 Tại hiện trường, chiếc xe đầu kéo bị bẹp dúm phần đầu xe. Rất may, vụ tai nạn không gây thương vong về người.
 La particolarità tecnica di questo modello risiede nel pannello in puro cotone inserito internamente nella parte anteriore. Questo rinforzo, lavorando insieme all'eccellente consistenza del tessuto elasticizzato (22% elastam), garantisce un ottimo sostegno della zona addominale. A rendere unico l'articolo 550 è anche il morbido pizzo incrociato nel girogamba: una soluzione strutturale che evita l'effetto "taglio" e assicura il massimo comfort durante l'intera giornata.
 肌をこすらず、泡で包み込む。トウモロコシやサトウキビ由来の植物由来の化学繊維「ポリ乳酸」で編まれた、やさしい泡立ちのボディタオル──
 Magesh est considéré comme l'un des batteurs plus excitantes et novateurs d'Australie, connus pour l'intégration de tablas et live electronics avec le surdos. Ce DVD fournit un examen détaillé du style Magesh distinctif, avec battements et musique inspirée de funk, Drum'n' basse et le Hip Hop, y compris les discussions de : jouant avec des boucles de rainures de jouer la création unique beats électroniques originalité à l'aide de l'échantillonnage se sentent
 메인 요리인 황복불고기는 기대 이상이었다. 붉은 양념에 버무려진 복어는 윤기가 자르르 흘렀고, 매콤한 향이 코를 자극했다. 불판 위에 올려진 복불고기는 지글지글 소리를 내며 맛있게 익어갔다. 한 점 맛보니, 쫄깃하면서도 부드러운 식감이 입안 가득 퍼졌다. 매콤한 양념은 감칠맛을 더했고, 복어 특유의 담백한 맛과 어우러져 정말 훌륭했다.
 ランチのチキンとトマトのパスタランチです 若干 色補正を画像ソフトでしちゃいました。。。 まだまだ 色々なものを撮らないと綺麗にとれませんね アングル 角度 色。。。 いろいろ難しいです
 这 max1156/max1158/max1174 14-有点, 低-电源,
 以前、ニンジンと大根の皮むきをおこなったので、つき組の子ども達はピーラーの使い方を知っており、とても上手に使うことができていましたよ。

━━━━━━━━

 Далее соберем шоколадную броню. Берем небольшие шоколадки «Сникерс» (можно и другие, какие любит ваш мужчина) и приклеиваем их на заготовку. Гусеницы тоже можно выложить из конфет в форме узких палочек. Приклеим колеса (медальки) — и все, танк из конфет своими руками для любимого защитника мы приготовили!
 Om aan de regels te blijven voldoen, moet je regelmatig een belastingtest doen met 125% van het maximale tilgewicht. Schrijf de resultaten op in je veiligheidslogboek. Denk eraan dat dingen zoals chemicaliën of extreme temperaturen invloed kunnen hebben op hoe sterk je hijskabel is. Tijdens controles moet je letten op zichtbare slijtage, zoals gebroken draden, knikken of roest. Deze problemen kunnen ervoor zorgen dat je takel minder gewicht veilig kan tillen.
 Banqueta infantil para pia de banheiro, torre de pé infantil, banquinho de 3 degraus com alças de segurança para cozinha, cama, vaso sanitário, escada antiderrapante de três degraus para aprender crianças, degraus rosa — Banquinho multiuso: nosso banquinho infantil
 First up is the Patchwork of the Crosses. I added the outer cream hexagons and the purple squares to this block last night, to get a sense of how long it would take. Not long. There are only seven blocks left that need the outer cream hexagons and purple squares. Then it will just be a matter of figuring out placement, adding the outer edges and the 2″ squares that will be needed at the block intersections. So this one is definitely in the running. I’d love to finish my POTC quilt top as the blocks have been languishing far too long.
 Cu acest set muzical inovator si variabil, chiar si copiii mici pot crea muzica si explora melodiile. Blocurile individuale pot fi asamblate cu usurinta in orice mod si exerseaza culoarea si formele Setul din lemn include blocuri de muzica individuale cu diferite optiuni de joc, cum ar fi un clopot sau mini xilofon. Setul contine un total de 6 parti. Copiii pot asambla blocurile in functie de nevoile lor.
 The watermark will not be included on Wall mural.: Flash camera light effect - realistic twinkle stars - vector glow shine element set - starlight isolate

━━━━━━━━

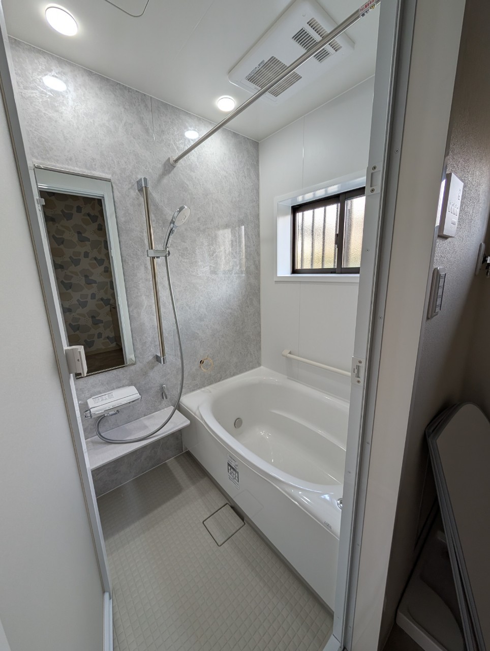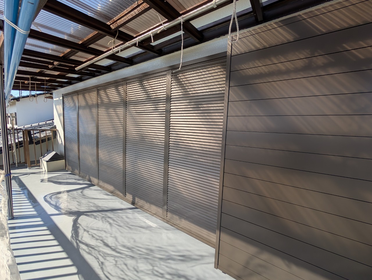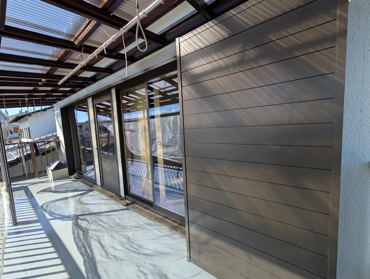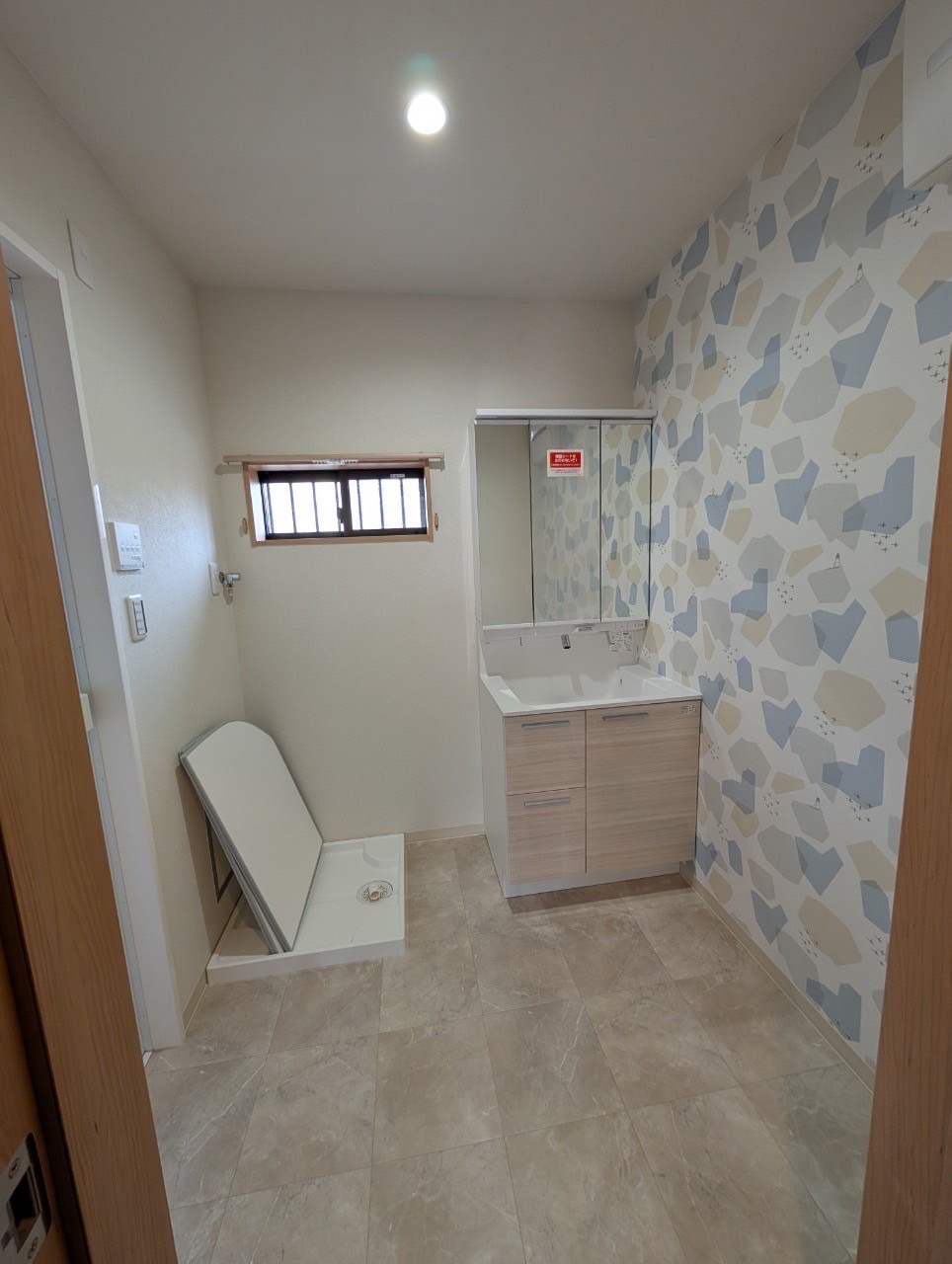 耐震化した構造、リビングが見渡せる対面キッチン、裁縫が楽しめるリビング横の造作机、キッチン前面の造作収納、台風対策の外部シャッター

━━━━━━━━

**DESCRIPTION OF THE TASK:** Within the material above, copy exactly the lines from the line that holds "Magesh est considéré" up to and including the line that holds "以前、ニンジンと大根の皮むき".

**RESPONSE TO THE EXERCISE:**
 Magesh est considéré comme l'un des batteurs plus excitantes et novateurs d'Australie, connus pour l'intégration de tablas et live electronics avec le surdos. Ce DVD fournit un examen détaillé du style Magesh distinctif, avec battements et musique inspirée de funk, Drum'n' basse et le Hip Hop, y compris les discussions de : jouant avec des boucles de rainures de jouer la création unique beats électroniques originalité à l'aide de l'échantillonnage se sentent
 메인 요리인 황복불고기는 기대 이상이었다. 붉은 양념에 버무려진 복어는 윤기가 자르르 흘렀고, 매콤한 향이 코를 자극했다. 불판 위에 올려진 복불고기는 지글지글 소리를 내며 맛있게 익어갔다. 한 점 맛보니, 쫄깃하면서도 부드러운 식감이 입안 가득 퍼졌다. 매콤한 양념은 감칠맛을 더했고, 복어 특유의 담백한 맛과 어우러져 정말 훌륭했다.
 ランチのチキンとトマトのパスタランチです 若干 色補正を画像ソフトでしちゃいました。。。 まだまだ 色々なものを撮らないと綺麗にとれませんね アングル 角度 色。。。 いろいろ難しいです
 这 max1156/max1158/max1174 14-有点, 低-电源,
 以前、ニンジンと大根の皮むきをおこなったので、つき組の子ども達はピーラーの使い方を知っており、とても上手に使うことができていましたよ。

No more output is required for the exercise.